»Die Sonne blendet,« bemerkte Ilse und war froh, ein gleichgültiges Wort gefunden zu haben. »Es ist auch so warm hier,« fuhr sie fort und erhob sich.
»Die böse Sonne! Wir wollen ihr aus dem Weg gehen!« Und er führte sie auf die entgegengesetzte Seite.
Hier war es schattig und kühl und Ilse hatte keinen Grund mehr, sich zu erheben. Sie war auch nach und nach mehr Herrin ihrer Beklommenheit geworden, und als er noch einmal an den Brief erinnerte, fand sie sogar den früheren scherzhaften Ton.
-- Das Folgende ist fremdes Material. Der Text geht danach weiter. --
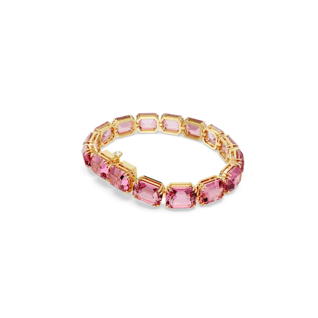 Surround your wrist in colour and light with this striking Millenia Tennis bracelet. The design is crafted with uniform, octagon-cut pink crystals in a gold-tone plated prong setting and is finished with a hidden fine jewellery-inspired fastening. An elegant wardrobe essential that will brighten any look.
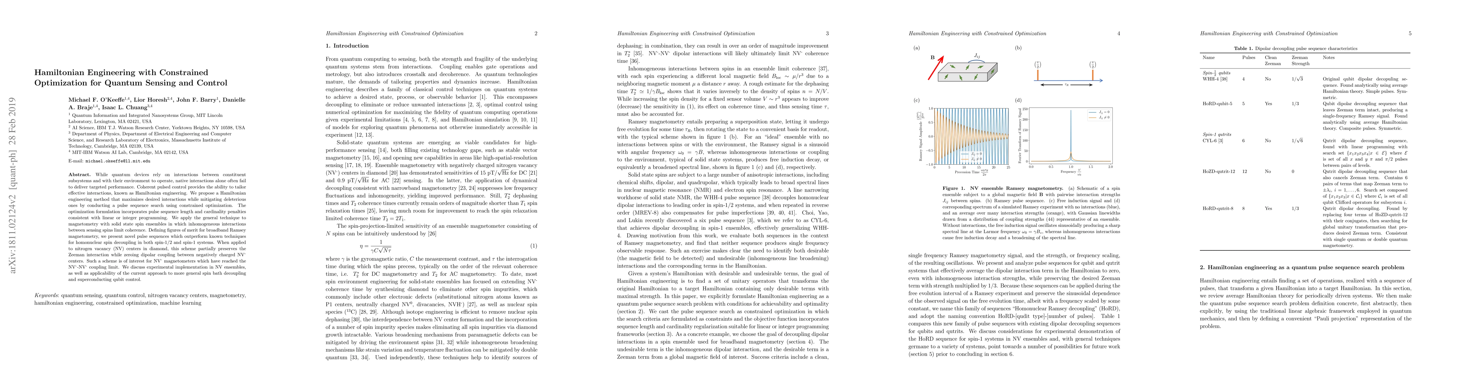 This paper proposes a Hamiltonian engineering method using constrained optimization to tailor effective interactions in quantum devices, particularly for quantum sensing and control. The technique maximizes desired interactions while minimizing unwanted ones, demonstrated through improved broadband Ramsey magnetometry in solid-state spin ensembles, especially for NV centers in diamond.

»Sie sind ein Quälgeist,« sagte sie. »Was kann es Sie interessieren, ›wie‹ – und ›was‹ Nellie mir schreibt! Sie wollen nur darüber spotten und das dürfen Sie nicht!«
»Wie können Sie mich in so bösem Verdacht haben!« wehrte er ab. »Sie haben mir Ihre Freundin so liebenswürdig geschildert, daß mein Wunsch, von ihr zu hören, wie sie mit eigenen Worte von ihrem Glücke schreibt, ganz natürlich ist.«
Ilse sah ihn noch etwas ungläubig an, doch, da sie den spottenden Zug um seinen Mund nicht entdeckte, glaubte sie ihm und zog den Brief aus der Tasche. Sie schlug ihn auf und las ihn für sich.
»Nun?« fragte er.
»Immer Geduld, Herr Assessor! Erst muß ich die Stellen aussuchen, die Sie hören dürfen! Der ganze Inhalt ist nicht für Ihre Ohren bestimmt!«
»Das wäre grausam!« protestierte er dagegen, »das ist gerade so, als ob Sie einem Kinde ein Stückchen Zucker hinhalten und sagen zu ihm: du, lecke mal dran! Den Zucker aber steckten Sie selbst in den Mund.«
Sie lachte lustig über seinen Vergleich, er brachte sie ganz in die alte, fröhliche Laune zurück. »Nun hören Sie zu, aber nicht spotten!« drohte sie ihm mit dem Finger.